N’écarte pas ton serviteur avec colère :
tu restes mon secours.

J’en suis sûr, je verrai les bontés du Seigneur
sur la terre des vivants.
« Espère le Seigneur, sois fort et prends courage ;
espère le Seigneur. »

Deuxième lecture
« Le Christ transformera nos pauvres corps à l’image de son corps glorieux » (Ph 3, 17 – 4, 1)

Lecture de la lettre de saint Paul Apôtre aux Philippiens

Frères, ensemble imitez-moi, et regardez bien ceux qui se conduisent selon l’exemple que nous vous donnons. Car je vous l’ai souvent dit, et maintenant je le redis en pleurant : beaucoup de gens se conduisent en ennemis de la croix du Christ. Ils vont à leur perte. Leur dieu, c’est leur ventre, et ils mettent leur gloire dans ce qui fait leur honte ; ils ne pensent qu’aux choses de la terre. Mais nous, nous avons notre citoyenneté dans les cieux, d’où nous attendons comme sauveur le Seigneur Jésus Christ, lui qui transformera nos pauvres corps à l’image de son corps glorieux, avec la puissance active qui le rend même capable de tout mettre sous son pouvoir. Ainsi, mes frères bien-aimés pour qui j’ai tant d’affection, vous, ma joie et ma couronne, tenez bon dans le Seigneur, mes bien-aimés.

Évangile
« Pendant qu’il priait, l’aspect de son visage devint autre » (Lc 9, 28b-36)
Gloire au Christ, Parole éternelle du Dieu vivant. Gloire à toi, Seigneur.
De la nuée lumineuse, la voix du Père a retenti : « Celui-ci est mon Fils bien-aimé, écoutez-le ! » Gloire au Christ, Parole éternelle du Dieu vivant. Gloire à toi, Seigneur. (cf. Mt 17, 5)

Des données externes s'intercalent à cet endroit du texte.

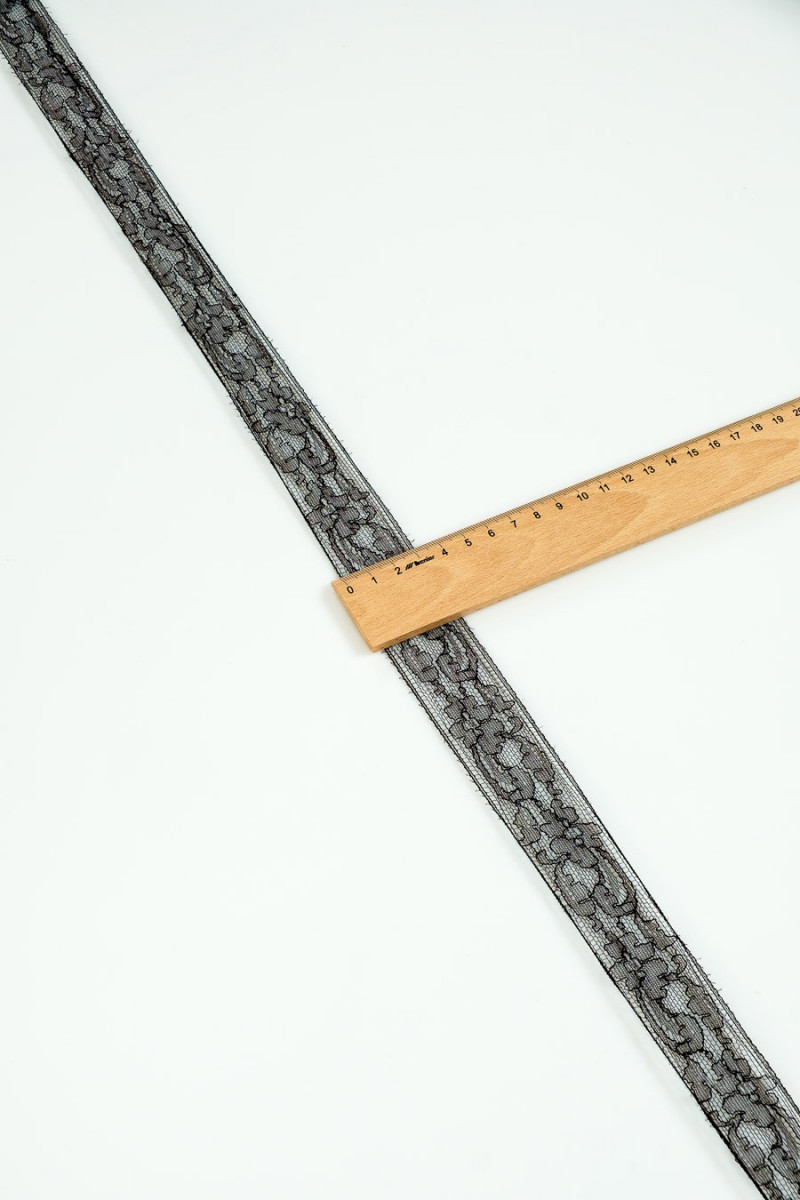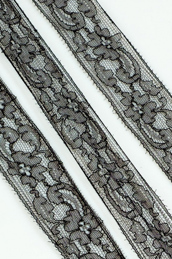 Italiensk blondebånd i sort. Tynd, delikat med blomstermotiv. Perfekt til efterbehandling af bluser, kjoler, nattøj.

Évangile de Jésus Christ selon saint Luc

En ce temps-là, Jésus prit avec lui Pierre, Jean et Jacques, et il gravit la montagne pour prier. Pendant qu’il priait, l’aspect de son visage devint autre, et son vêtement devint d’une blancheur éblouissante. Voici que deux hommes s’entretenaient avec lui : c’étaient Moïse et Élie, apparus dans la gloire. Ils parlaient de son départ qui allait s’accomplir à Jérusalem. Pierre et ses compagnons étaient accablés de sommeil ; mais, restant éveillés, ils virent la gloire de Jésus, et les deux hommes à ses côtés. Ces derniers s’éloignaient de lui, quand Pierre dit à Jésus : « Maître, il est bon que nous soyons ici ! Faisons trois tentes : une pour toi, une pour Moïse, et une pour Élie. » Il ne savait pas ce qu’il disait. Pierre n’avait pas fini de parler, qu’une nuée survint et les couvrit de son ombre ; ils furent saisis de frayeur lorsqu’ils y pénétrèrent. Et, de la nuée, une voix se fit entendre : « Celui-ci est mon Fils, celui que j’ai choisi : écoutez-le ! » Et pendant que la voix se faisait entendre, il n’y avait plus que Jésus, seul. Les disciples gardèrent le silence et, en ces jours-là, ils ne rapportèrent à personne rien de ce qu’ils avaient vu.